In contrast, if you believe that a negative item was reported in error, contact ChexSystems to initiate a dispute. Under the FCRA, the consumer reporting agency has a duty to correct or remove the inaccurate information, usually within 30 days.
Managing Without a Checking Account
An account denial and dispute with ChexSystems may result in a period of time when you have no checking account. It can be challenging to get by without using a bank for electronic access to your money. But you could make do with a savings account for a short time, bearing in mind that you would be limited to six withdrawals per month.
While addressing your report with ChexSystems, monitor your spending more closely and consider paying bills with money orders or prepaid credit cards. It won't be easy, but once you repair your reputation as a deposit account holder, you can qualify for traditional checking accounts with favorable terms.
Avoid Being Reported
The best way to keep a bank from reporting you to ChexSystems is to manage your bank accounts responsibly. To that end, there are several small actions you can take to prevent getting dinged by a bank.

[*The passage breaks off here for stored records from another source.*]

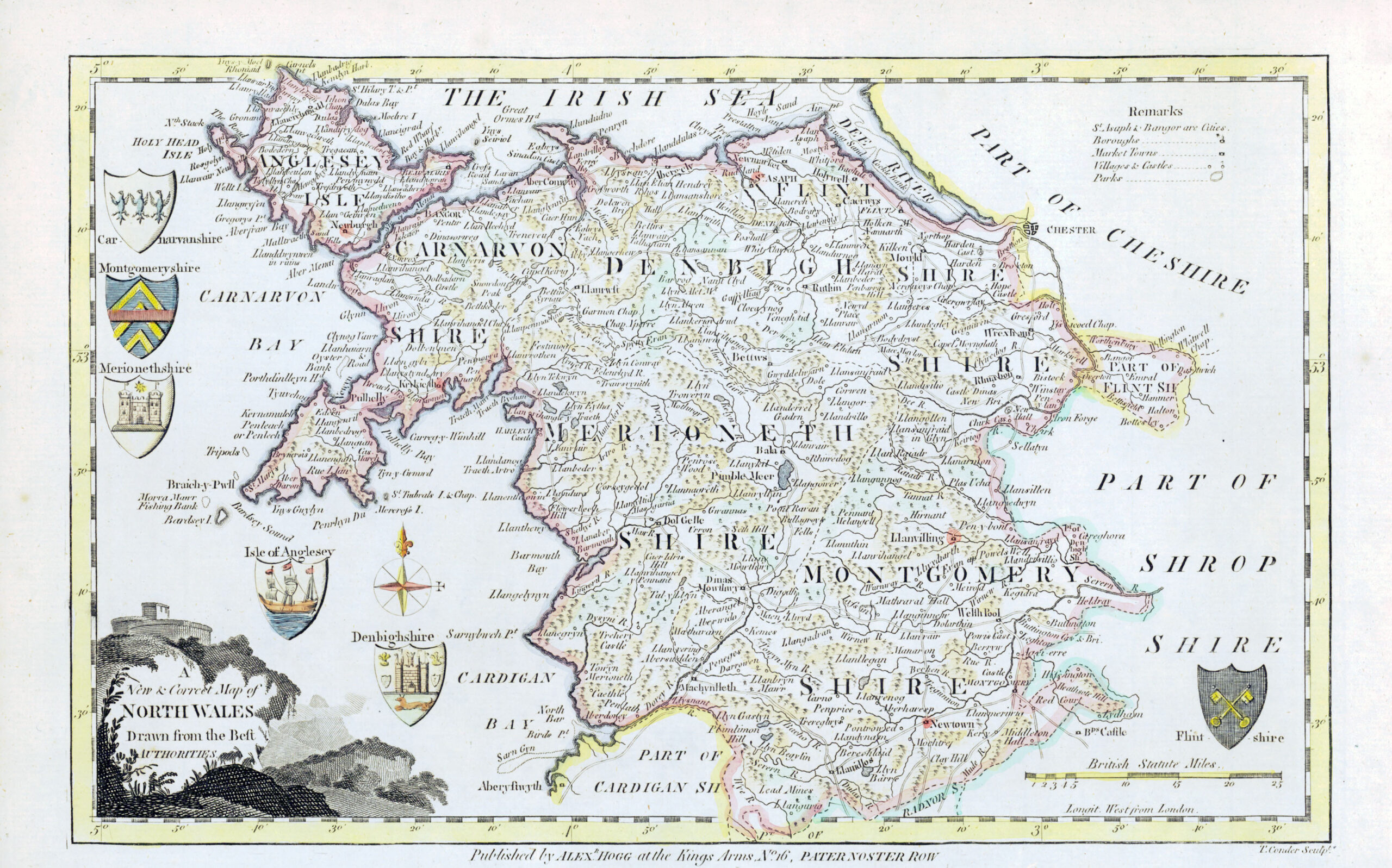 1769 "A New & Correct map of NORTH WALES Drawn from the Best Authorities". A fine original antique map published by Alex Hogg, Paternoster Road & engraved by T Conder. The maps is detailed with towns, roads and topography and feature decorative title cartouches. From George Augustus Walpoole's 'New and Complete British Traveller'.
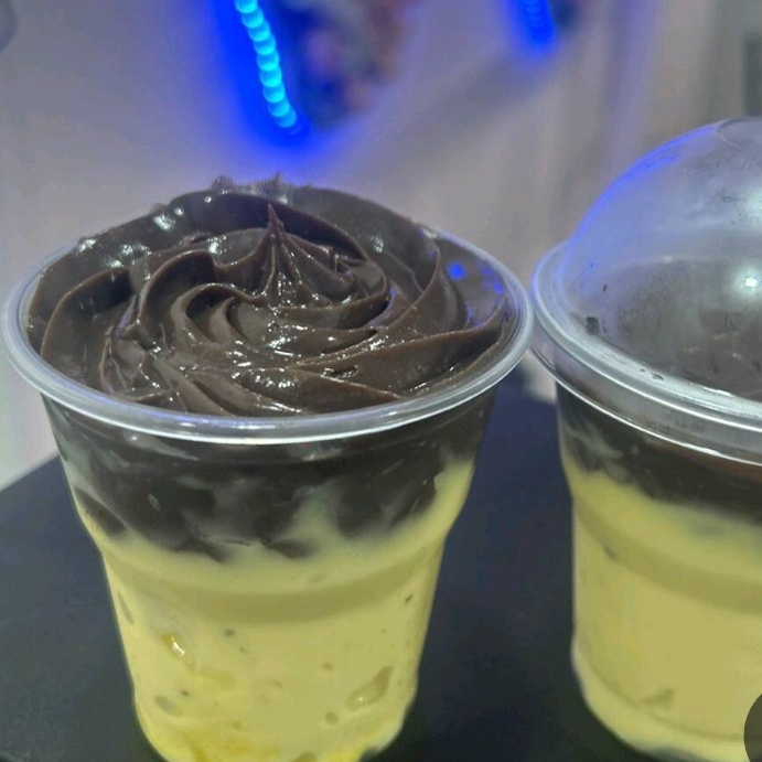 Mousse de maracujá da polpa sa fruta com chocolate 50% cacau.
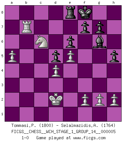 Last move : 1-0 2008 July 24 12:11:13 [Event "FICGS__CHESS__WCH_STAGE_1_GROUP_14__000005"] [Site "FICGS"] [Date "2008.07.08"] [Round "1"] [White "Tommasi,Paride"] [Black "Selalmazidis,Arsenis"] [Result "1-0"] [WhiteElo "1800"] [BlackElo "1764"] 1.e4 e6 2.d4 d5 3.Nc3 Nf6 4.Bg5 Be7 5.e5 Ne4 6.Bxe7 Nxc3 7.Bxd8 Nxd1 8.Bxc7 Nxb2 9.Rb1 Na4 10.Bb5+ Bd7 11.Bxa4 Bxa4 12.Rxb7 O-O 13.Ne2 Rc8 14.Nc3 Bxc2 15.Kd2 Bg6 16.Nb5 Na6 17.Rc1 Nxc7 18.Nxa7 Rab8 19.R1xc7 Re8 20.a4 Rxb7 21.Rxb7 h5 22.Nc6 Kf8 23.a5 1-0 Comment by player 2 : Arsenis Selalmazidis : the problem with this game was that i didn't see 14. Nc3 !! coming , completely driwing away my bishop from the battle ! if i would play 13... Bxc2 right away , then i guess it could go at some point to c4 , from where it dominates !! well done tommasi ! also, i would like to mention that 7. Qg4! is strong !!! French : Classical, Tartakower variation Kingside Castling by player Black (move 12) Player White won this chess game. Follow this game move after move (download)Chess is a beautiful mistress. (Bent Larsen) Ich suche im Schach immer etwas Eigenes. Riskantes Spiel im Stile schachlicher Musketiere ist nicht meine Sache, auch wenn es vielen Freunden scharfer Wendungen gefällt. (Anatoly Karpov) ¿Que sería del Ajedrez sin errores graciosos?. (Kurt Richter) Karpov est une pièce de musée. (Garry Kasparov) Logic : The art of thinking and reasoning in strict accordance with the limitations and incapacities of the human misunderstanding. (Ambrose Bierce)
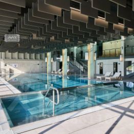 На территории ЖК открыт первый термальный хилинг-комплекс в России Green Flow Lakhta Park - с крытым и открытым бассейнами, фитнес-центром и гастропабом.
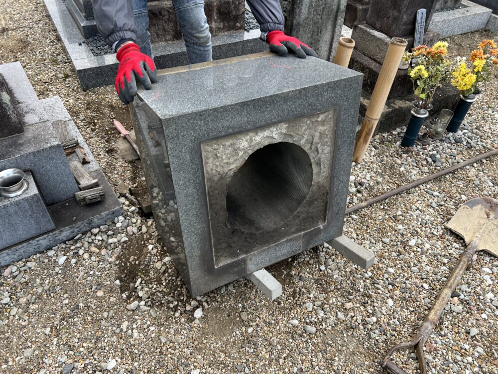 刈谷市内お寺墓地にて、8寸角2段石塔 お墓仕舞いの施工をさせていただきました。
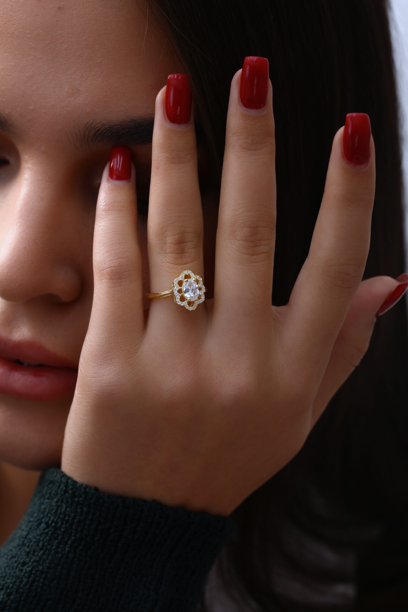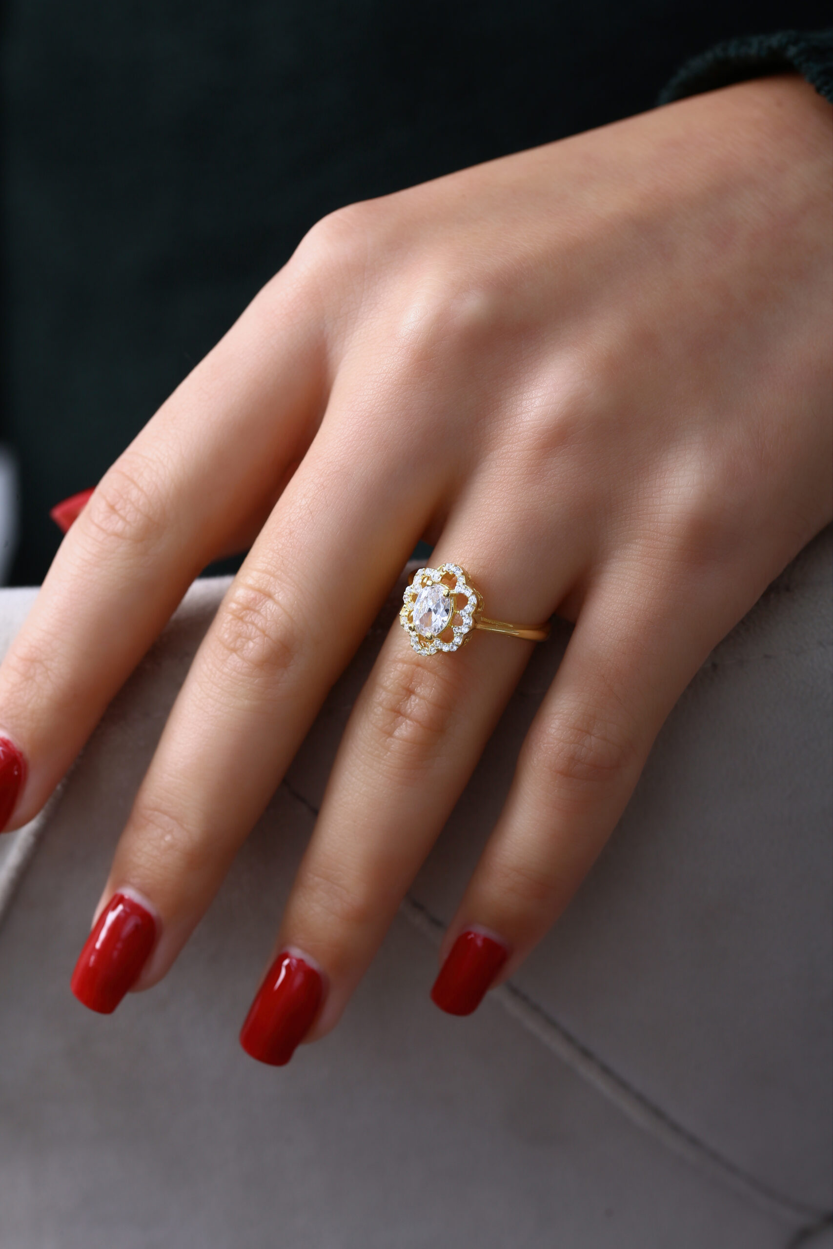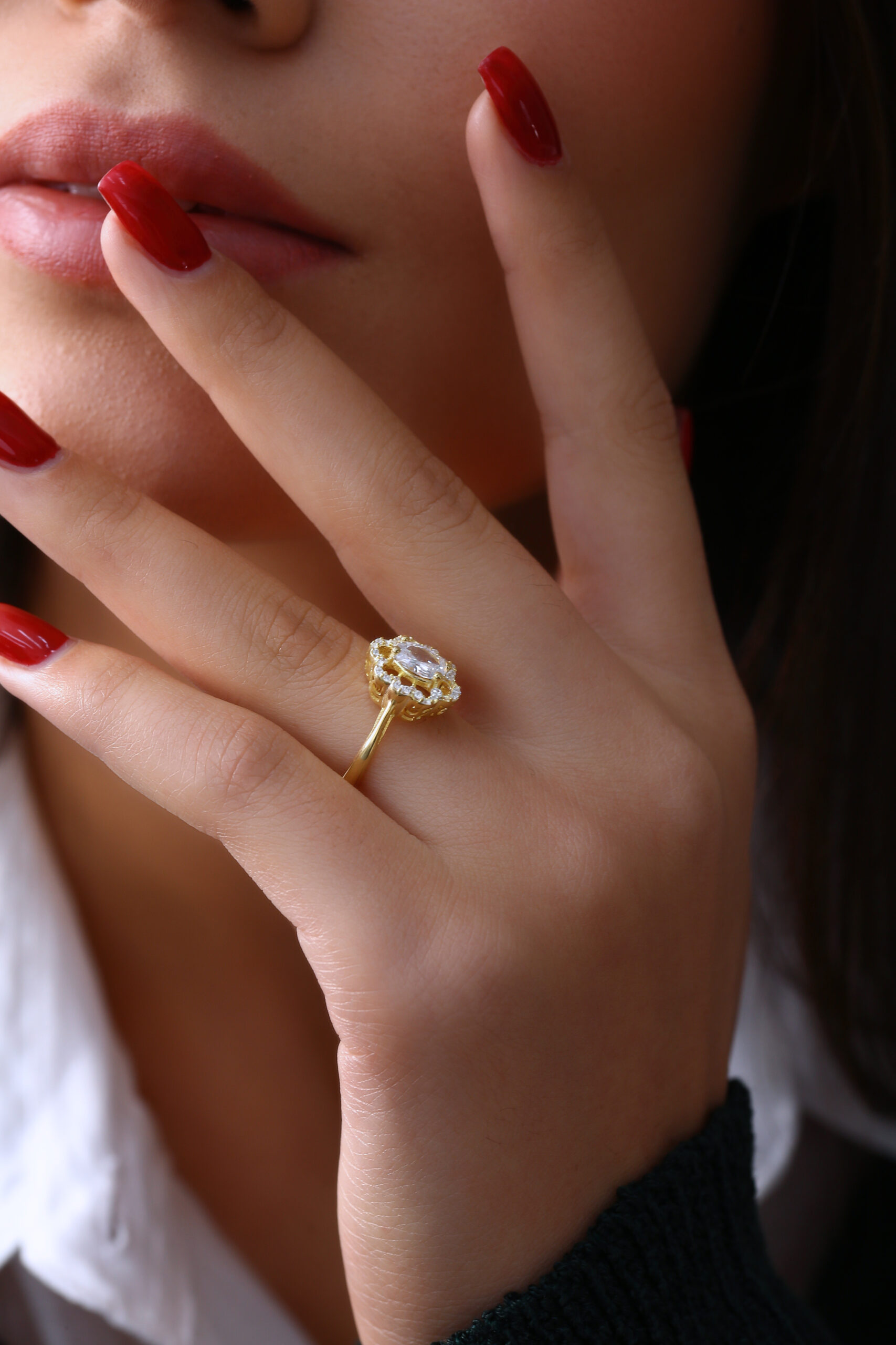 Oval taş ve çevresindeki parlak taşlarla şık, göz alıcı gold yüzük.

- Balance your checking account regularly. Stick to a written budget to avoid overspending your balance in the future. Overdrafts often happen when people don't track their spending closely enough.
- Allow checks to clear before spending the balance. Making purchases against checks that later bounce could cause your account to go into overdraft. To avoid this, give checks a minimum of three to five days to clear, depending on the bank.
- Make a genuine effort to bring your account back into the positive. If you have a negative account balance you can't pay right away, some banks might work with you as long as you contact them in a timely manner. This works best if you communicate with your bank in person at the branch.
- Formally close accounts. Don't assume that zeroing out your balance is the same as closing it. The account may continue to incur fees or process automatic payments for as long as it is open, leaving you with a negative balance or overdraft fees. Discontinue any automatic payments from the account, and then contact your bank and formally close an account that you no longer need.